Now we can try this with different values of size. But still, retyping (or copy/pasting) this is kind of tedious. So we can define our own function called box (or whatever you want to call it), which takes one argument called size (or whatever you want to call it) as input:

def box(size):
  "Draw a box of stars with dimensions size by size."
  for i in range(size):
    for j in range(size):
      print '*',
    print ' '

and then call it like so:

box(5)
box(7)

(See the line in there that looks like English? That's a docstring -- a special kind of "comment-y" thing for Python functions. It's entirely optional, but if you use it, you're automatically populating standard Python help content for your code. If you end up writing code that others maintain, they'll likely really appreciate having help, so writing docstrings for all your functions is a great habit to have. And even if you're the only one reading your code, docstrings may still help you so you don't have to remember what your functions do.)
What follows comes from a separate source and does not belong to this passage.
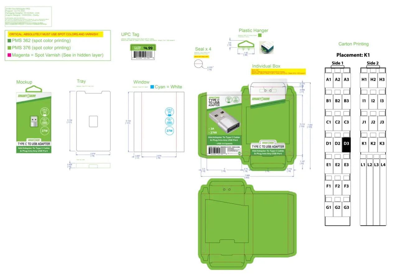 Charging Adapter USB-C to USB Converter - 3 Pieces Per Pack 25786

You can also define a function that takes two arguments (or three arguments, or no arguments):

def box(size, char):
  "Draw a box of character char with dimensions size by size."
  for i in range(size):
    for j in range(size):
      print char,
    print ''

You call it like so:

box(5, '#')

Actually, it turns out there's an easier way to print something repeatedly. Try this:

'#' * 5

So here's an alternate version of the function:

def box(n, char):
  "Draw a box of character char with dimensions size by size."
  for i in range(size):
    print char * size


box(5, '#')

It's very often the case that there are multiple ways to write code that produce the same output. Sometimes one way is faster than another, or easier to read than another, and sometimes there's really no sense in which one is "better" than another.

(One other note: The box function just prints things. Usually though, you'll see functions that return values. To be explicit, we could have ended the box function with the line return None.)

Functions are really common in Python, as they allow you to organize your code and put the nitty-gritty details in functions rather than in the main code block. Probably most of the code that you write will be in functions.

Fun with files

Here's how to do some stuff with files. First, we need a file. For these examples, I created a file called adacamp.wiki, which contains the wiki markup of the AdaCap page from the geekfeminism wiki.

You'll need to create this file (or some other file) now:

(I know I'm handwaving over this. Ask and someone will show you how to get this file and where to save it.)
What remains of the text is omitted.